§ Work item
In the entries that follow, repeat exactly the lines from the one that has "así, así.... |" through the one that has "Это нежный сочный", but omit pictures.

───── Dataset records

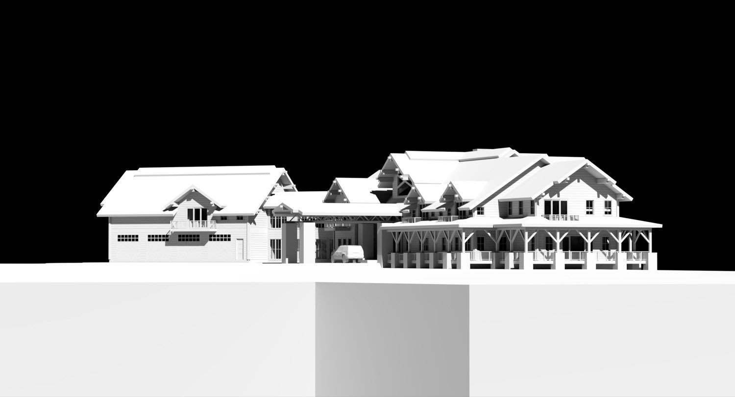 The building breaks down into distinct volumes connected by the continuous timber colonnade. This approach solves a few problems at once. It gives us flexibility in the roof forms, lets us vary ceiling heights where we need them, and keeps the overall mass from reading as one overwhelming block.
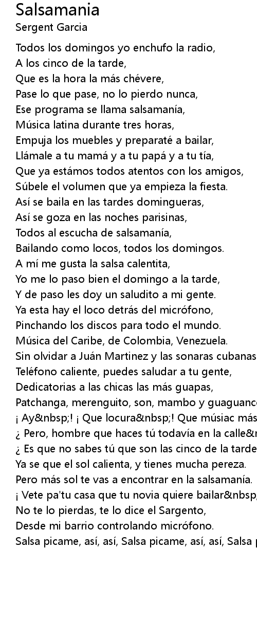 | Salsa picame, así, así, Salsa picame, así, así, Salsa picame, así, así.... |
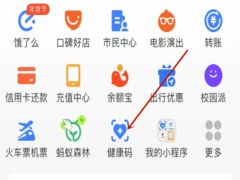 1、打开支付宝,点击“健康码”进入健康码页面。
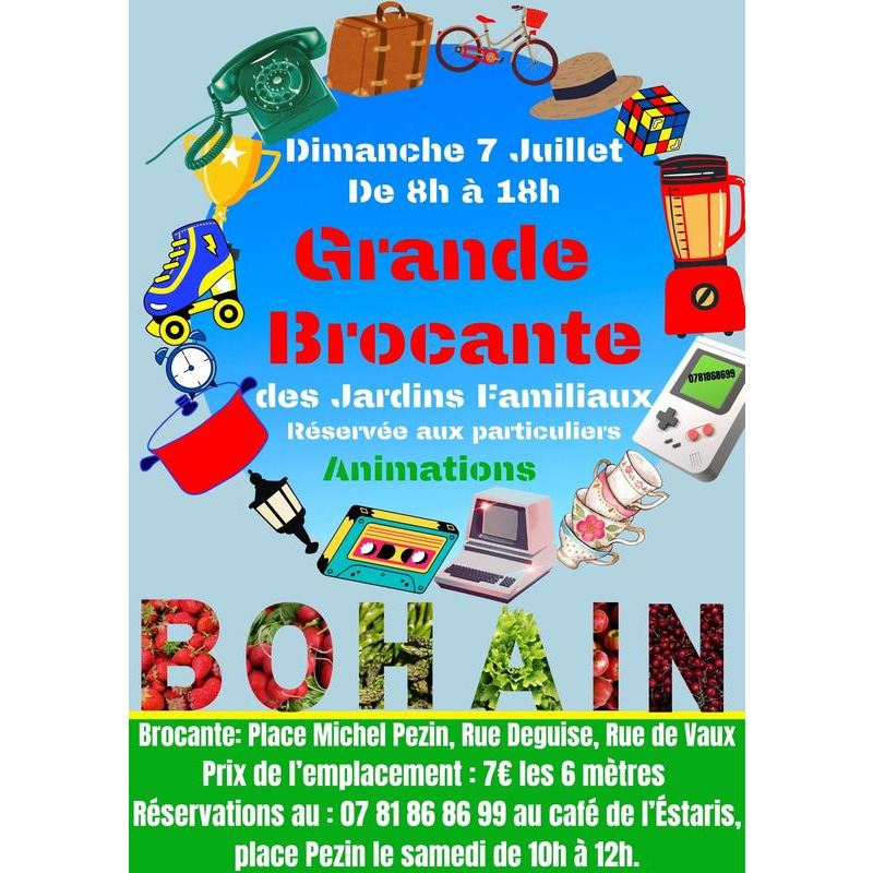 Les jardins familiaux de bohain organisent leur grande brocante annuelle le dimanche 7 juillet 2024.
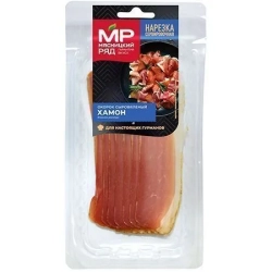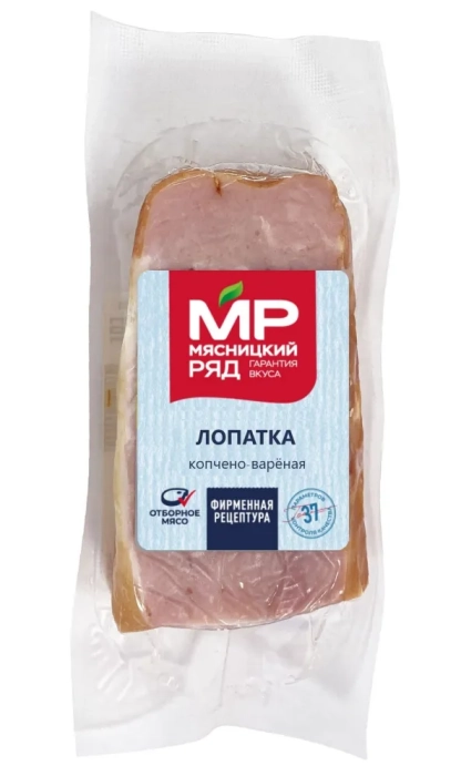 Это нежный сочный деликатес для изготовления которого используются отборные части свиной лопатки с тонким слоем шпика. Смесь благородных специй, используемых при посоле и легкий аромат копчения оттеняют классический мясной вкус. Рекомендуется подавать на стол в виде тонких ломтиков сервировочной нарезки.
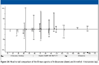 It should also be noted that the intensity of the molecular ion peak in the spectrum of 8-methyl-4-nonanone is almost an order of magnitude greater than that of the molecular ion peak for 4-decanone. The intensities of most of the other peaks in the spectrum of 8-methyl-4-nonanone relative to the base peak at m/z 43 are much greater than those in the spectrum of 4-decanone. The NIST Mass Spectral Database Archive has only one spectrum for 8-methyl-4-nonanone, and this spectrum may be saturated (evidence is presented later). There are multiple spectra for 4-decanone in the Database Archive, and all show similar intensities to one another; therefore, it is more likely that the spectrum of 4-decanone is more representative of the true spectrum than is the spectrum of 8-methyl-4-nonanone.
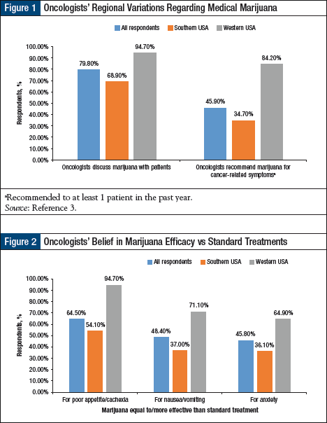 Oncologists who practice in the South were less likely than those practicing in the West to discuss this topic with their patients or to recommend medical marijuana for symptom management.
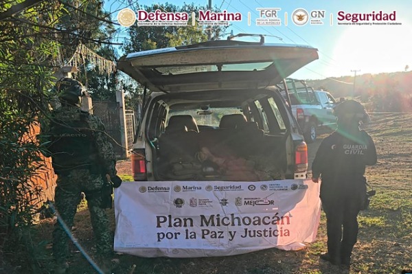 Como parte de las acciones del Plan Michoacán por la Paz y la Justicia, elementos de la Secretaría de la Defensa Nacional (Defensa) y Guardia Nacional (GN), en coordinación con la Secretaría de Marina (Semar), Fiscalía General de la República (FGR) y Secretaría de Seguridad y Protección Ciudadana (SSPC), junto con autoridades locales, detuvieron a tres personas, aseguraron 36 armas de fuego, 1,086 cartuchos, 61 cargadores, un artefacto explosivo improvisado, nueve vehículos y equipo táctico.
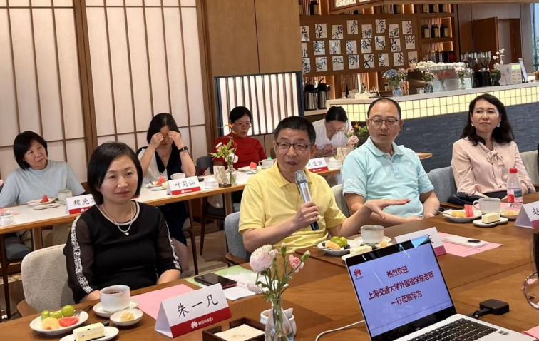 为深化校企合作,探索校企协同新路径,促进人才培养与企业需求精准对接,10 月11日,上海交通大学外国语学院党委书记朱一凡带队前往华为上海研发中心开展交流合作,学院副院长陶庆、党委副书记张怡凡,党委委员,第二教工党支部书记赵勇,院长助理金晶,第一教工党支部书记、本科生公共英语教学中心主任江妍及第一、二、七教工党支部党员代表参加此次活动。活动由华为上海政企教育客户经理徐维蔓主持,双方围绕学院发展、企业文化、人才培养及校企合作等议题深入探讨。
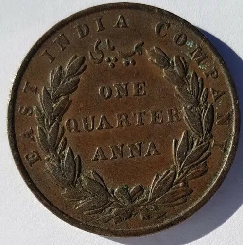 1830 1/4 Quarter Anna, East India Company. KM-231.1 EF
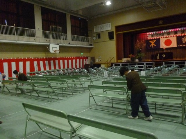 体育館の設営や玄関・下足室の清掃など、それぞれが自分の役割に責任をもち、気持ちを込めて一生懸命取り組む姿が見られました。
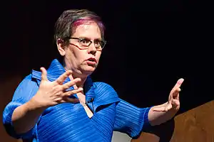 As a speaker, she is a member of the Speakers Bureau for the Secular Student Alliance and the Center for Inquiry.[7] She was a speaker on the Diversity in Skepticism panel at The Amaz!ng Meeting in July, 2011, the Reason Rally in 2012,[12] and the 50th annual convention of American Atheists in 2013.[13]
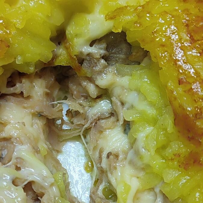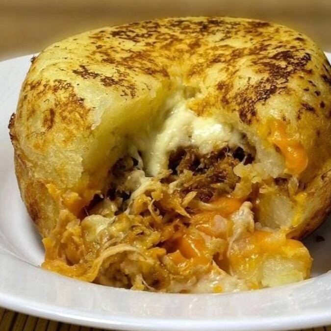 Pernil de porco desfiado e temperado, azeitona, cebola e um queijo de sua preferência.

──────────

§ Answer below
 | Salsa picame, así, así, Salsa picame, así, así, Salsa picame, así, así.... |
 1、打开支付宝,点击“健康码”进入健康码页面。
 Les jardins familiaux de bohain organisent leur grande brocante annuelle le dimanche 7 juillet 2024.
 Это нежный сочный деликатес для изготовления которого используются отборные части свиной лопатки с тонким слоем шпика. Смесь благородных специй, используемых при посоле и легкий аромат копчения оттеняют классический мясной вкус. Рекомендуется подавать на стол в виде тонких ломтиков сервировочной нарезки.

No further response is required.